PROVIDED MATERIAL:
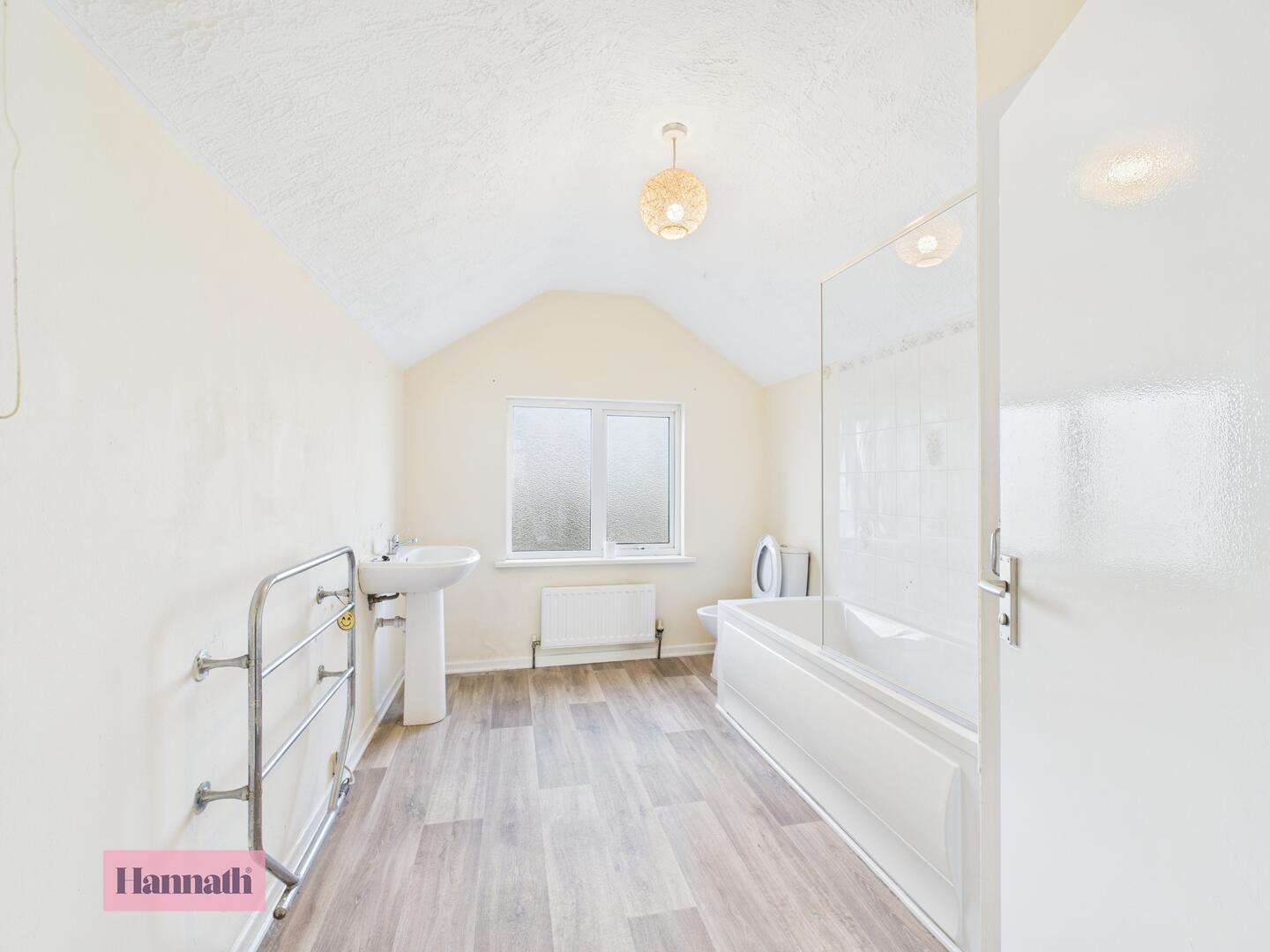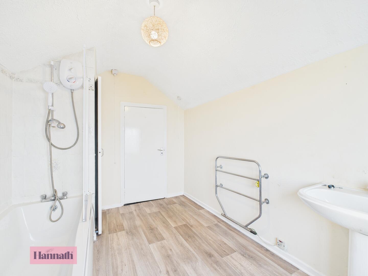 Three piece bathroom suite with electric shower over bath, wash hand basin, w.c., radiator, part tiled wall
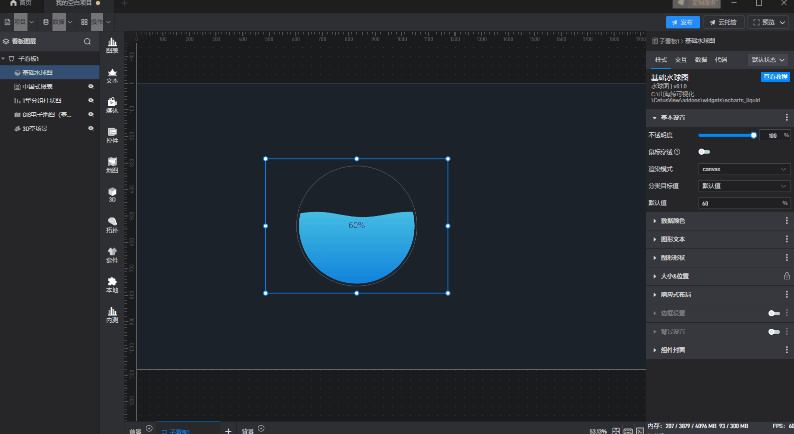 山海鲸可视化软件中水球图组件的水量多少是根据使用数据自动变化的,同时也支持直接手动调节,相关操作教程- 基础水球图 - 项目制作 - 山海鲸可视化
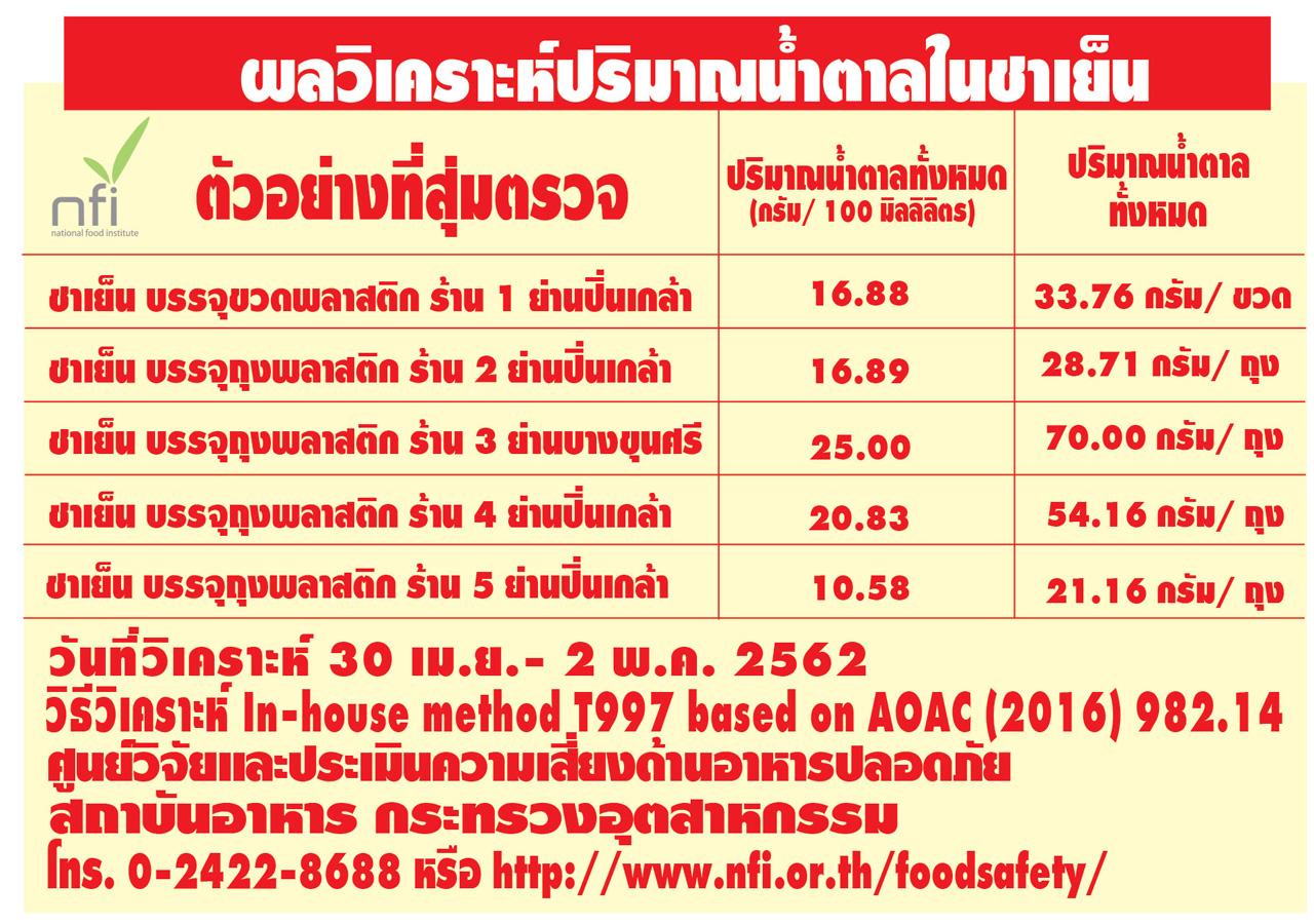 เพื่อความสบายใจ สถาบันอาหาร ได้สุ่มตัวอย่างชาเย็น 5 ตัวอย่าง จาก 5 ร้านขายเครื่องดื่มย่านปิ่นเกล้าและบางขุนศรี นำมาวิเคราะห์ปริมาณความหวานที่ได้จาก ฟรักโทส, กลูโคส, ซูโครส, มอลโทส และแล็กโทส)

WHAT TO WORK ON: The expected output is exactly the lines from the one containing "山海鲸可视化软件中水球图组件的水量多少是根据使用数据自动变化的,同时也支持直接手动调节,相关操作教程- 基础水球图 - 项目制作" through the last line of the listing, both included, with every picture left out.

RESPONSE AREA:
 山海鲸可视化软件中水球图组件的水量多少是根据使用数据自动变化的,同时也支持直接手动调节,相关操作教程- 基础水球图 - 项目制作 - 山海鲸可视化
 เพื่อความสบายใจ สถาบันอาหาร ได้สุ่มตัวอย่างชาเย็น 5 ตัวอย่าง จาก 5 ร้านขายเครื่องดื่มย่านปิ่นเกล้าและบางขุนศรี นำมาวิเคราะห์ปริมาณความหวานที่ได้จาก ฟรักโทส, กลูโคส, ซูโครส, มอลโทส และแล็กโทส)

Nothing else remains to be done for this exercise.